KEY TAKEAWAYS
This is one of those conversations I've wanted to have for years. Tim Kerrison was the architect behind so much of what Team Sky and later Ineos did to dominate Grand Tours for the best part of a decade. The phrase "marginal gains" got thrown around until it lost all meaning, but sitting down with Tim you realise how much rigour sat behind the slogan.
We get into what actually produced results — and some of it will surprise you. The headline-grabbing stuff like custom pillows and skinsuit seams? Useful, sure, but Tim puts sleep quality and nutrition periodisation way above those in the hierarchy. He talks about how they structured altitude camps, how they individualised recovery protocols based on blood markers, and why the culture of questioning everything mattered more than any single intervention.
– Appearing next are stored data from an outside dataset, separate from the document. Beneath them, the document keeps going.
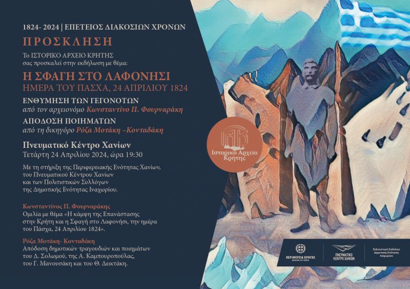 Η εκδήλωση πραγματοποιείται με την υποστήριξη της Περιφερειακής Ενότητας Χανίων, του Πνευματικού Κέντρου Χανίων και των Πολιτιστικών Συλλόγων του Ιναχωρίου, και περιλαμβάνει ομιλία του Κωνσταντίνου Π. Φουρναράκη με θέμα: «Η κάμψη της Επανάστασης στην Κρήτη και η σφαγή στο Λαφονήσι την ημέρα του Πάσχα του 1824» και απόδοση δημοτικών τραγουδιών και ποιημάτων του Δ. Σολωμού, της Α. Καμπουροπούλας, του Γ. Μανουσάκη και του Θ. Δεικτάκη από τη δικηγόρο κ. Ρόζα Μοτάκη-Κονταδάκη.
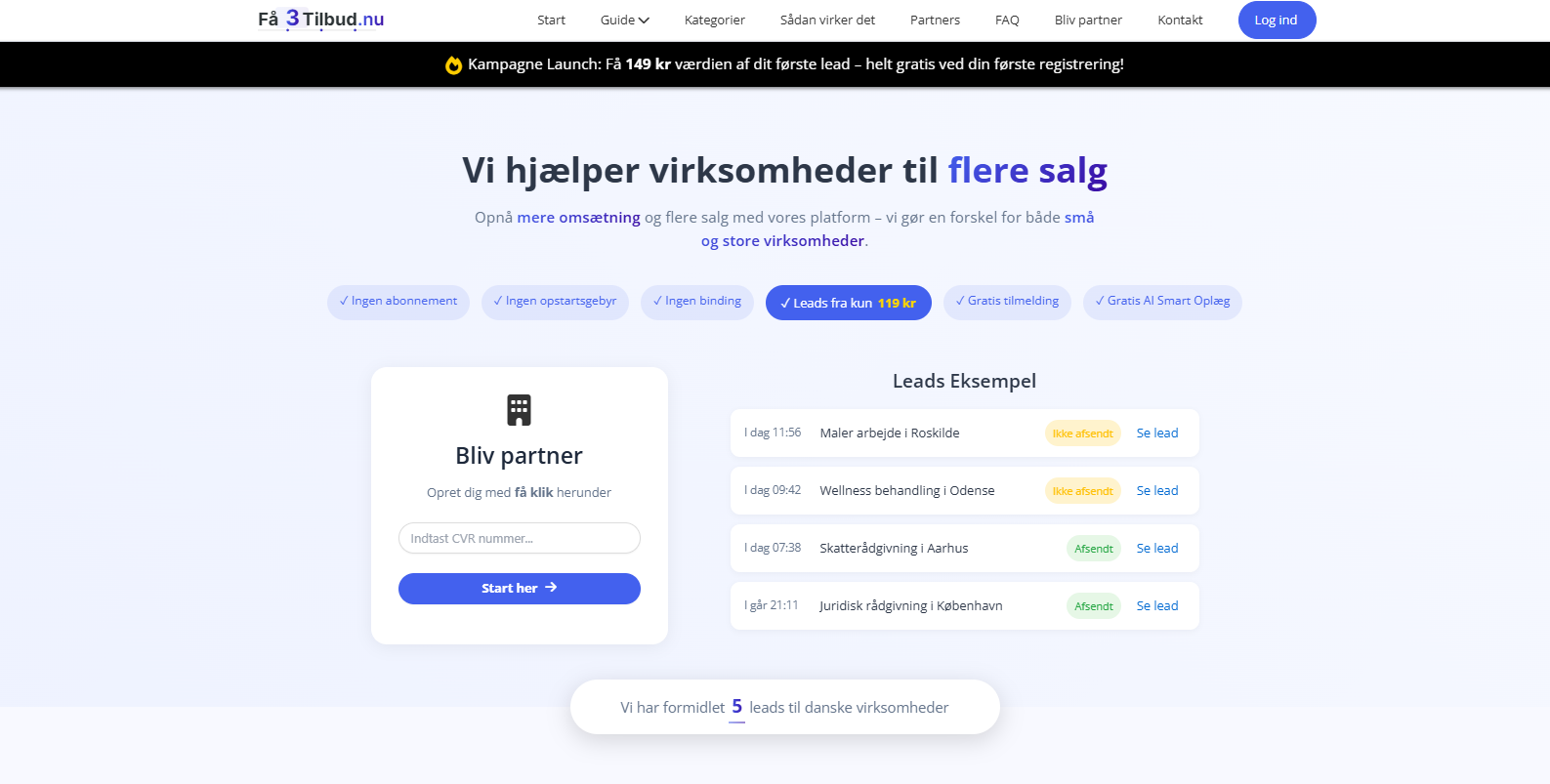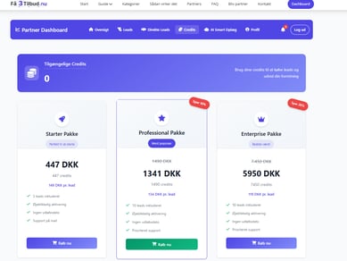 Alle partnere skal vælge én af ovenstående pakker før de får adgang til leads. Dette sikrer, at du som ejer altid modtager betaling før leverance, og opnår 100 % kontrol og likviditet i forretningen.
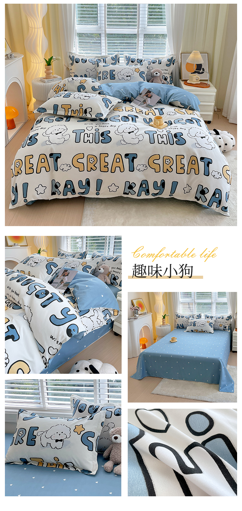 (总)好亿来家纺 2025新款水洗云朵棉大版枕套四件套单品系列-四件套,背包狗,波点狗,彩色波点,可爱猫,快乐玩伴,快乐小熊,浪漫花园,萌宠,派对猫,普罗旺斯,星空兔,幸运小狗,熊猫乐园,字母宝贝
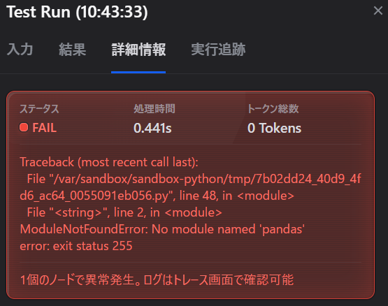 今回使っているDify環境では、データ処理でよく使う「pandas」が使えませんでした。
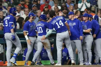 “The Machine” está jugando su último partido de temporada regular en el emblemático estadio de la ciudad de San Luis y al momento ha conectado doble y cuadrangular, con tres carreras empujadas.
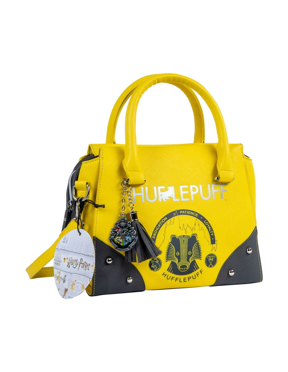 Every bag comes with a fully adjustable and removable matching shoulder strap, and a colourful Hogwarts crest metal charm with a matching grey tassel.
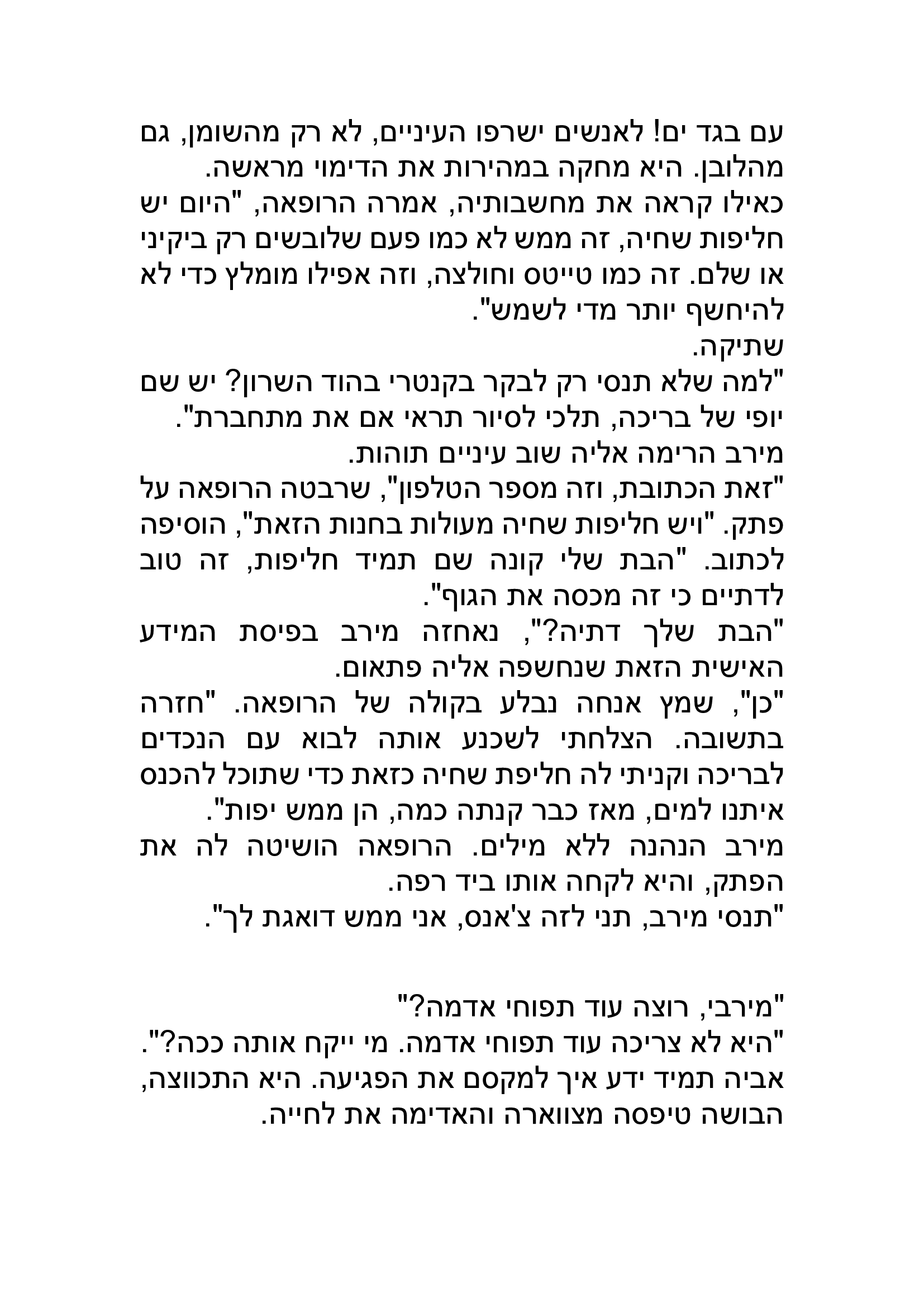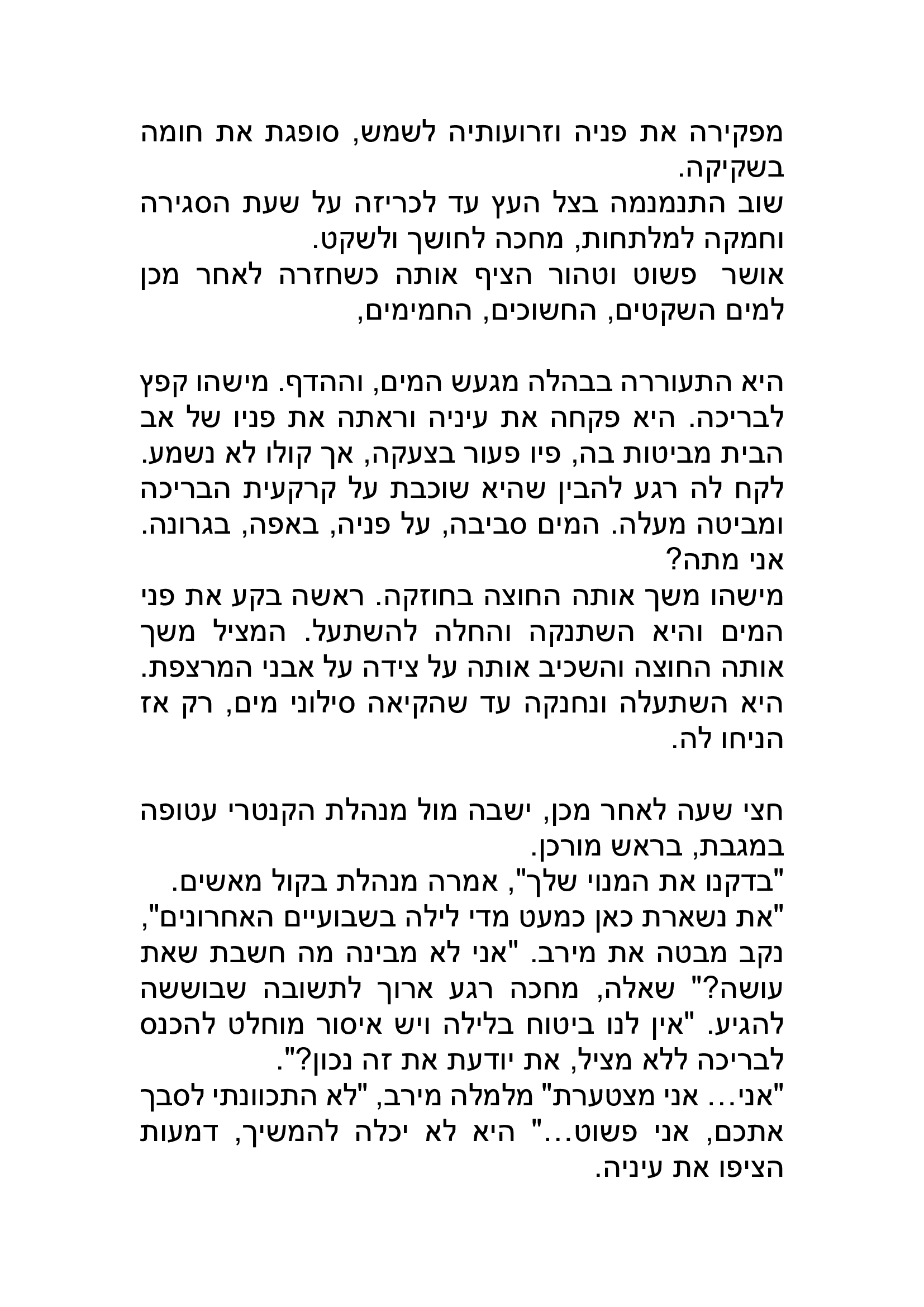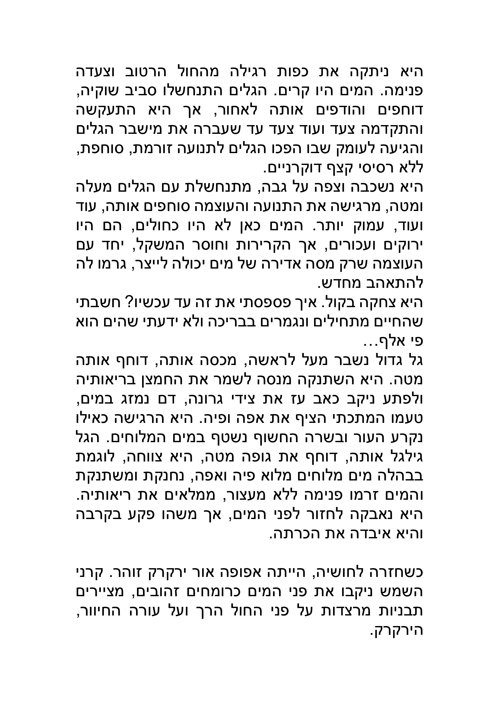 פגשתי את עצמי דרך הסיפור בעומקים שונים. סיפור של מים שאפשר לרוות ממנו עוצמה ותובנות עד כמה שמספיק בטוב. וכך עשיתי. סיפור מים בתוכן ובהוויה. אהבתי. כמה מרגשת את בשמתי.
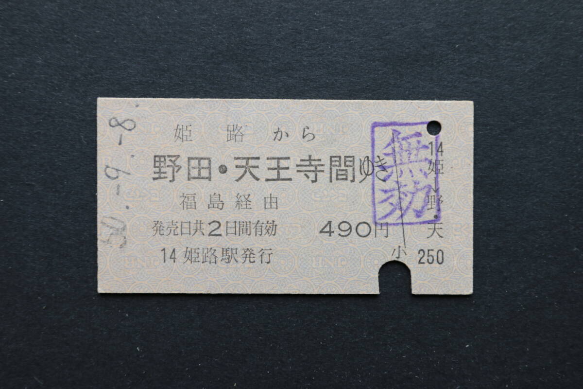 - 乗車券 姫路から 野田・天王寺間ゆき 490円

What I found most useful for our lot — the riders doing this around jobs and families — is Tim's take on where amateurs waste energy. We spend hours comparing tyre compounds when our sleep is a mess. We buy aero helmets but eat nothing on three-hour rides. Tim's message is clear: nail the fundamentals first, then worry about the margins.
We also get into some honest reflection on what didn't work. Not every idea survived testing, and Tim's willingness to bin things that looked good on paper but failed in practice is a lesson in itself.
Whether you're chasing a PB at your local time trial or just trying to get faster without burning out, there's something in this one for you.